Every line from the one with "大湾鸡彻底颠覆了所有人对吉祥" up to and including the one with "<이주호 부총리 겸 교육부장관은" is to be output exactly as it appears below; pictures are not.

RECORDS:
Start of Block

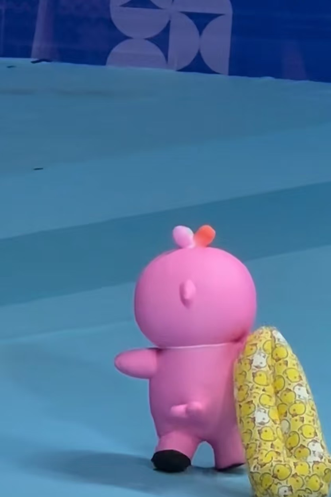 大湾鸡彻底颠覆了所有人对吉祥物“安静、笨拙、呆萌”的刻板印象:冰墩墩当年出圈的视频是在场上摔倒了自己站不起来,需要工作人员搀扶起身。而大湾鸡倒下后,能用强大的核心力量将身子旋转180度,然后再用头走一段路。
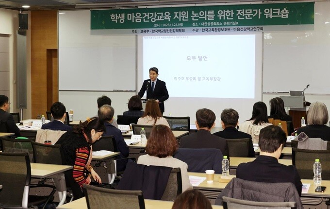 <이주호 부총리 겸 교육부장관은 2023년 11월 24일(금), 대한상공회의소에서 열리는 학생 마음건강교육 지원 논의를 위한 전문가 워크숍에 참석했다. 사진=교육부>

End of Block
Start of Block

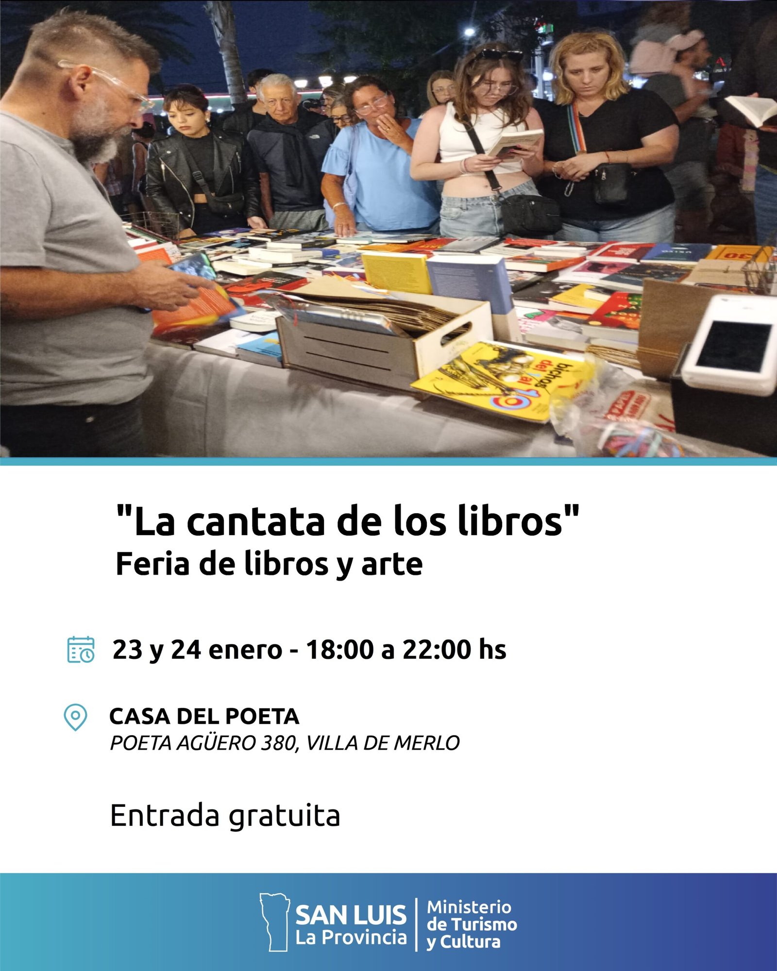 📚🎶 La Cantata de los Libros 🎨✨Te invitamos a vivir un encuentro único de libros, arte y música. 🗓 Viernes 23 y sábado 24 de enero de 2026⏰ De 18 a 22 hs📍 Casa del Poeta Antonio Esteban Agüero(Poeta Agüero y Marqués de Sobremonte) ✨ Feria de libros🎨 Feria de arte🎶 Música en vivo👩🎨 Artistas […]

End of Block
Start of Block

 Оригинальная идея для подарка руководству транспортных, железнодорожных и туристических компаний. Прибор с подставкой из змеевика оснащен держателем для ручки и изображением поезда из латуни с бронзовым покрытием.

End of Block

TASK SOLUTION:
 大湾鸡彻底颠覆了所有人对吉祥物“安静、笨拙、呆萌”的刻板印象:冰墩墩当年出圈的视频是在场上摔倒了自己站不起来,需要工作人员搀扶起身。而大湾鸡倒下后,能用强大的核心力量将身子旋转180度,然后再用头走一段路。
 <이주호 부총리 겸 교육부장관은 2023년 11월 24일(금), 대한상공회의소에서 열리는 학생 마음건강교육 지원 논의를 위한 전문가 워크숍에 참석했다. 사진=교육부>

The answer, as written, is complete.